-------- Dataset excerpts --------
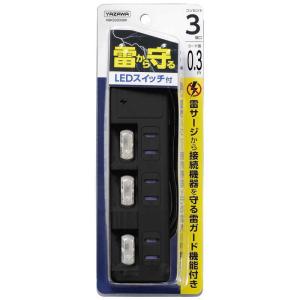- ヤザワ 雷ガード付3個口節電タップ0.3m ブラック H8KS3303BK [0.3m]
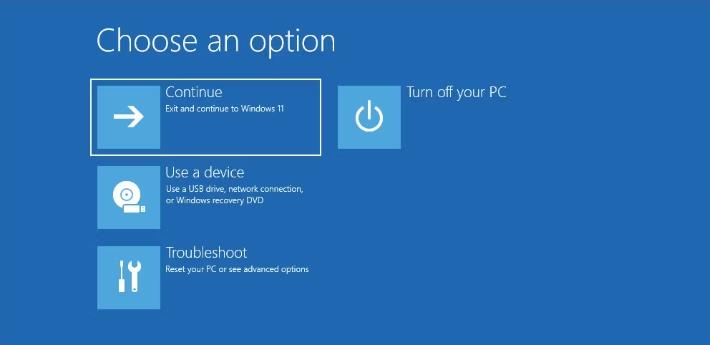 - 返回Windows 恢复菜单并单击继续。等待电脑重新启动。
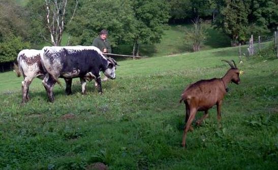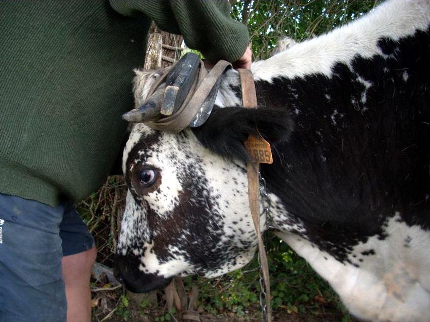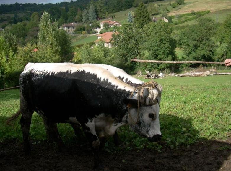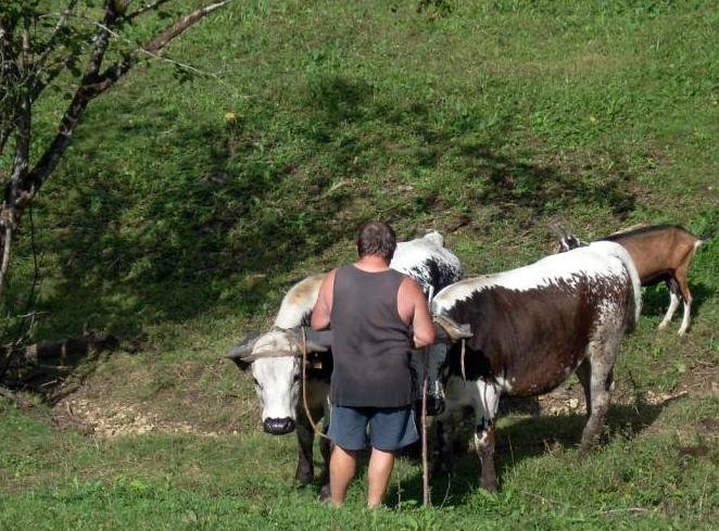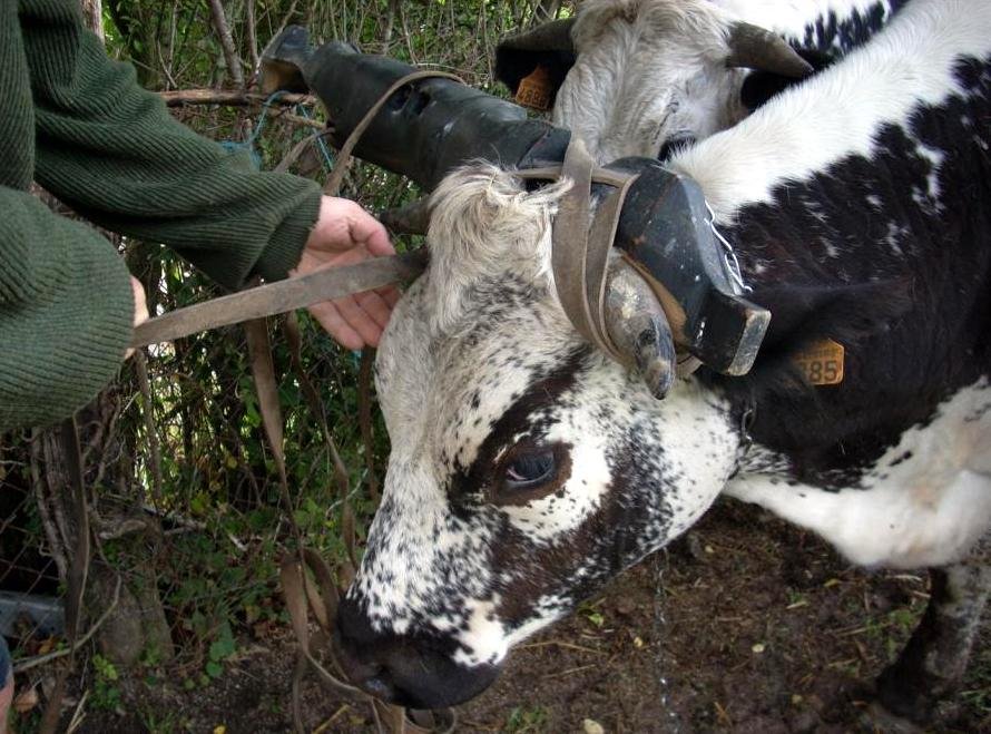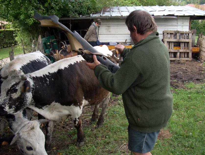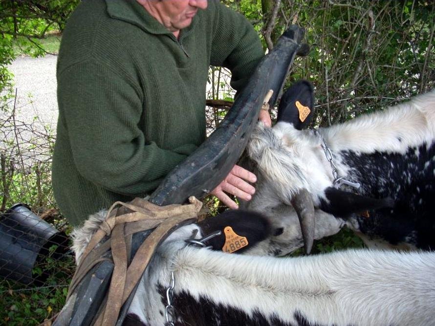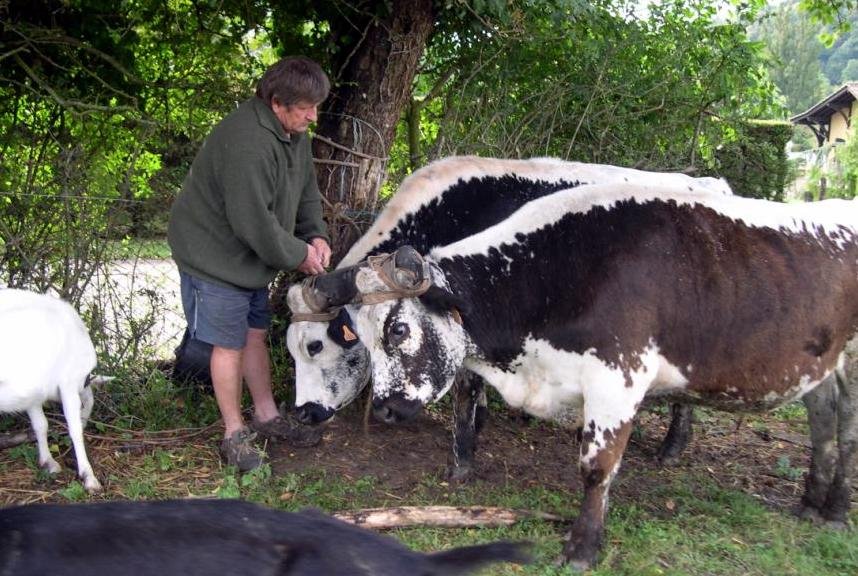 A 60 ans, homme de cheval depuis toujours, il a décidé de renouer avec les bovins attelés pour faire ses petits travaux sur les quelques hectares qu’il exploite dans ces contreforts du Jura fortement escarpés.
--------
-------- Dataset excerpts --------
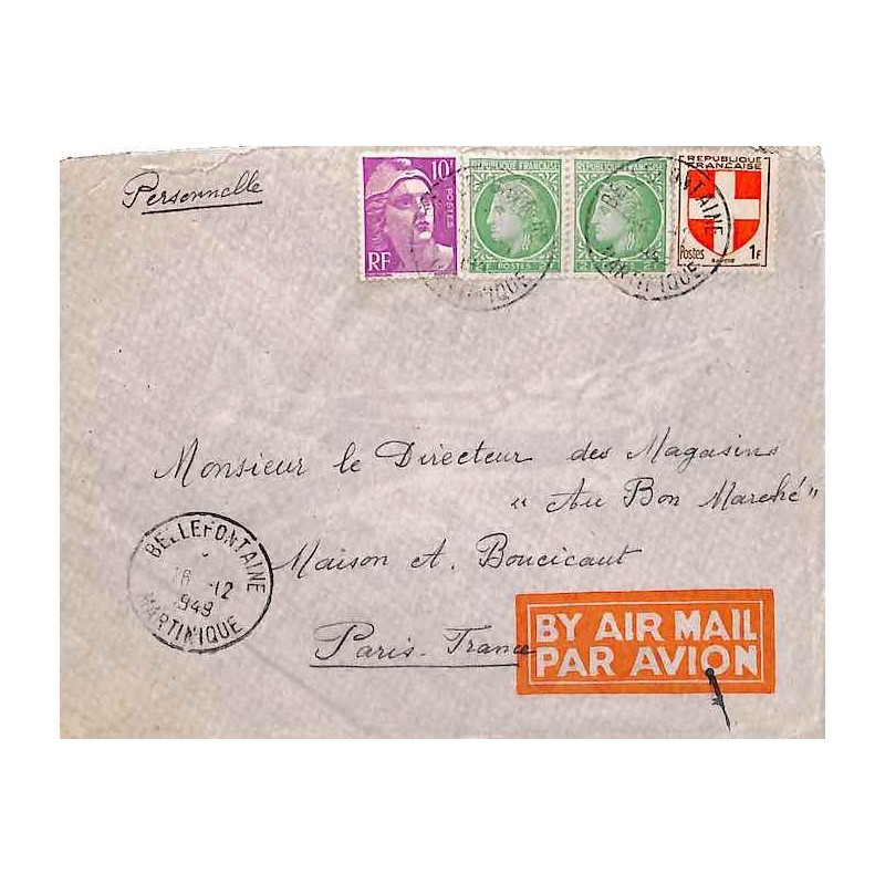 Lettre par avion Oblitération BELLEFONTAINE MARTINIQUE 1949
--------
**How to complete this task**
Output only the lines above from the one containing "- 返回Windows 恢复菜单并单击继续。等待电脑重新启动。" to the one containing "A 60 ans, homme", both included, exactly as written and with no pictures.

**Exercise solution**
 - 返回Windows 恢复菜单并单击继续。等待电脑重新启动。
 A 60 ans, homme de cheval depuis toujours, il a décidé de renouer avec les bovins attelés pour faire ses petits travaux sur les quelques hectares qu’il exploite dans ces contreforts du Jura fortement escarpés.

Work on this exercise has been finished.